Si, In barba alla crisi della moneta unica e alle incertezze sul suo futuro, il primo gennaio scorso l’Estonia è diventata il 17° membro dell’Eurozona e la prima ex Repubblica Sovietica ad entrare nell’Eurogruppo. Questo non è il solo traguardo raggiunto negli scorsi mesi dal piccolo stato baltico che è anche entrato a far parte dell’OCSE (il 9 Dicembre 2010) e la cui capitale, Tallinn, è anche diventata capitale europea della cultura 2011.

Per gli Estoni, questa serie ravvicinata di avvenimenti è storicamente significativa perché marca il loro essere parte integrante del sistema occidentale, finalmente al sicuro dall’influenza colonizzatrice di Mosca. Ed è proprio questo senso di “duty” storica che sta dietro l’entusiasmo con quale il governo e la popolazione – la cui maggioranza a dicembre approvava con forza l’adesione – hanno eseguito ed accettato le riforme necessarie per rientrare nei parametri dell’euro.

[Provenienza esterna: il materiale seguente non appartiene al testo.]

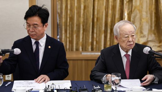 3일 한국경영자총협회가 프레스센터에서 개최한 '주요 기업 인사노무 담당 임원 간담회'에서 김영훈 고용노동부 장관(왼쪽)과 손경식 한국경영자총협회 회장이 나란히 앉아 있다. 뉴스1 |
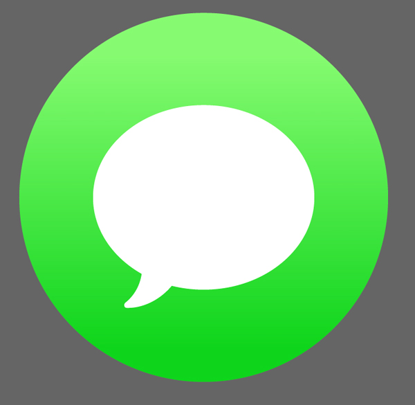 让我们用之前用过的相同绿色的底子形成短信图标。 制作一个 40 x 40 px的白色圆,然后延伸一点边,使形状压扁到 48 x 40 px。
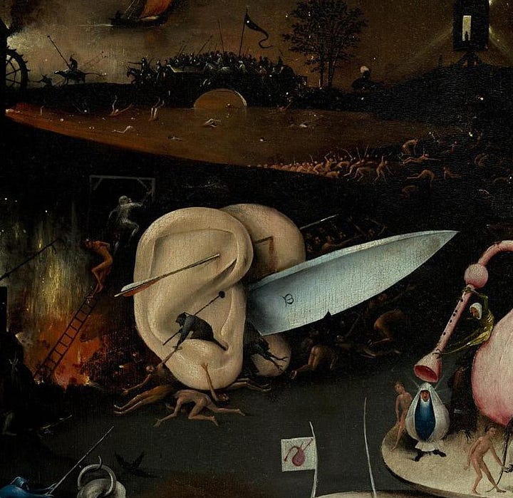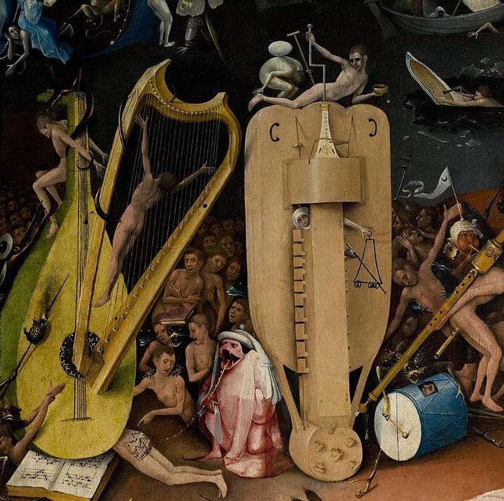Berger was writing about Hieronymous Bosch, specifically his famous triptych “The Garden of Earthly Delights”, a three-paneled painting depicting Eden, earth, and hell. Viewers have long been drawn to the panel for its strangeness. Where other artists have portrayed hell as a place of torture, it’s impossible to look at Bosch’s version and not see absurdity. A pair of enormous, fleshy ears wield a carving knife. A pig in a nun’s habit tries to seduce an emaciated man. A rabbit skewers a woman by her feet. Another figure dangles in the strings of a harp. To Berger, part of hell’s claustrophobia comes from its lack of meaning: “There is no continuity between actions, there are no pauses, no pattern, no path, no past and no future. There is only the clamour of the desperate, fragmentary present.”
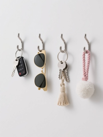 超写实3D渲染的四把不同样式金属钥匙,包含扁平矩形钥匙牌、传统齿纹钥匙等,银色金属材质表面有细腻反光和轻微磨砂质感,黑色圆形钥匙圈连接,整体以对称平衡的方式整齐排列在纯白色背景上,光线从左上方45度角照射形成柔和阴影,突出钥匙的立体感与材质细节,画面简洁干净,具有产品展示级的清晰锐利度和专业静物摄影的光影氛围。
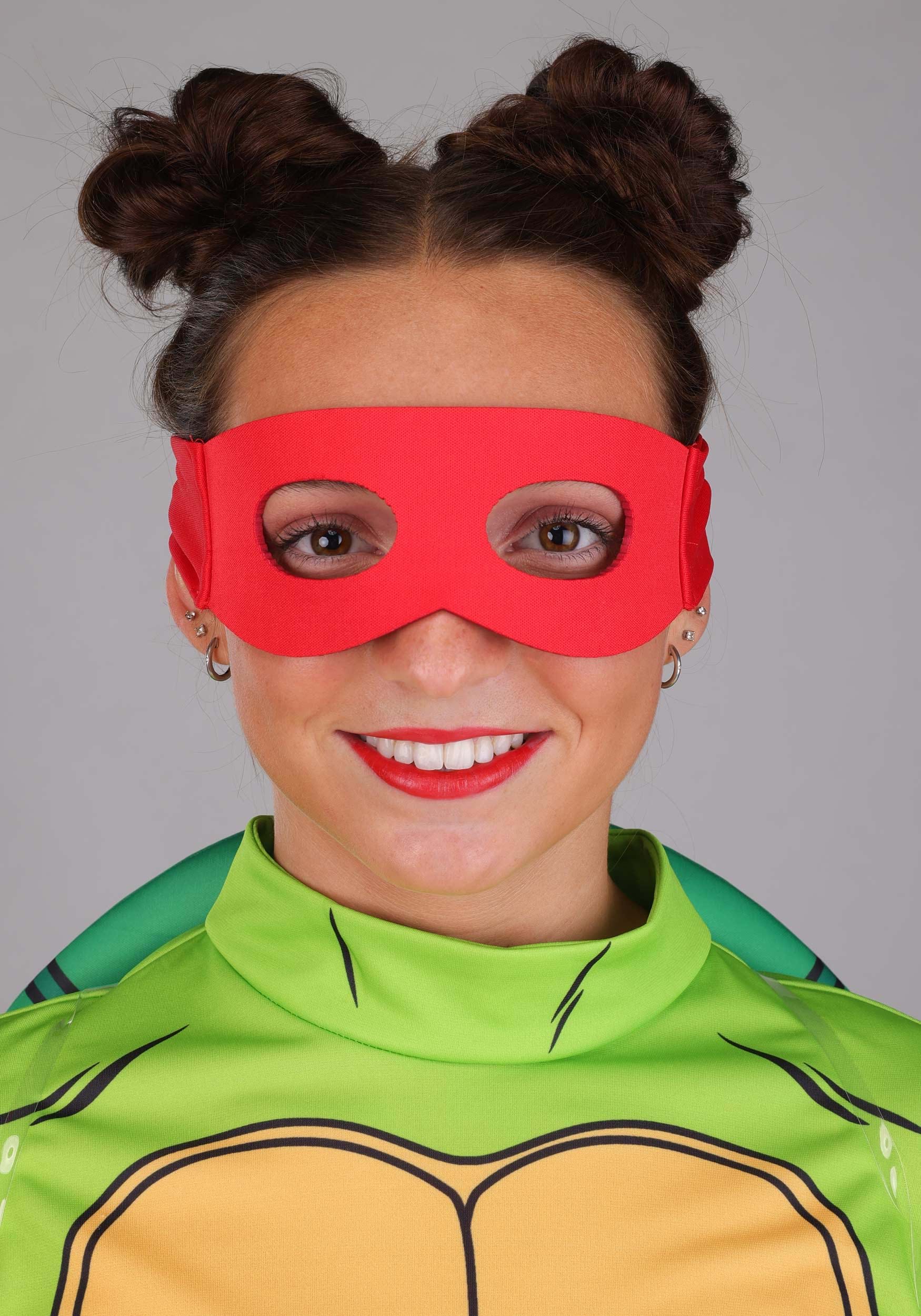 To complete the transformation, the costume includes a dark green turtle shell that slips over your shoulders with a translucent strap, staying secure no matter how intense your ninja moves get. The tie-on red eye mask features printed eye holes and fits comfortably across your face for that unmistakable Raphael glare.

Entrando quest’anno nell’euro, il governo Estone è riuscito a contraddire la maggior parte degli analisti (incluso Paul Krugman) facendo diminuire con successo il livello di spesa pubblica dal 10,4% del PIL per anno (nel bel mezzo della crisi finanziaria) al 2,4%, entro il limite consentito dal Trattato di Maastricht del 3%. Una vera impresa titanica, che ha richiesto sacrifici enormi da parte della popolazione e dell’economia Estone che si sono trovati a fronteggiare tagli feroci della spesa pubblica all’apice della crisi finanziaria.

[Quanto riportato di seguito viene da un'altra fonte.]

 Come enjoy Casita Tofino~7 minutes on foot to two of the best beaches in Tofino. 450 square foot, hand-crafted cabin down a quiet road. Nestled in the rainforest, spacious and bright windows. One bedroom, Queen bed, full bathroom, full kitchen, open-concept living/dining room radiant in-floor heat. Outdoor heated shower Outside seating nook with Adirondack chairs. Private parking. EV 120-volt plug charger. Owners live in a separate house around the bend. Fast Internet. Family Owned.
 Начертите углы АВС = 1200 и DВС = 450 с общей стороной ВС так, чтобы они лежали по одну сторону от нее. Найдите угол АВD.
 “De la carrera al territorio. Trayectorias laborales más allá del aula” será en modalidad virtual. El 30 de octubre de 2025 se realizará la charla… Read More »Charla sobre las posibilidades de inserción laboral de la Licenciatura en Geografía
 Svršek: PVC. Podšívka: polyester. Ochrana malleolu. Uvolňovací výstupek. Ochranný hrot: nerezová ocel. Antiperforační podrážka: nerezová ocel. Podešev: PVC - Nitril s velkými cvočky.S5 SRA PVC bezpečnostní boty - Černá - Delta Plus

Ma facciamo un passo indietro.

I paesi baltici, seppur diversi l’uno dall’altro, sono considerati un successo per ciò che riguarda il “nation-building” e lo sviluppo economico. Infatti, nel giro di pochissimi anni, da piccole Repubbliche Sovietiche si sono trasformate in stati democratici (nonostante i dubbi su come vengono trattate le minoranze russe, ma questa è un’altra storia…) con sistemi istituzionali solidi. In Estonia, questo sistema in combinazione con un regolazione “leggera”, una politica monetaria credibile ed una “flat tax” attraente per gli investitori, ha fatto da volano per la crescita economica che tra l’inizio delle riforme ed il 2007 è stata in media del 5% di PIL annuo (con punte nel 2005 e 2006 di 11% e 10%). Questa crescita fortissima ed un debito pubblico irrisorio (pensate, nel 2009 solo il 7,4% del PIL contro il nostro 115%) garantivano all’Estonia un’entrata senza problemi nel club dell’Euro.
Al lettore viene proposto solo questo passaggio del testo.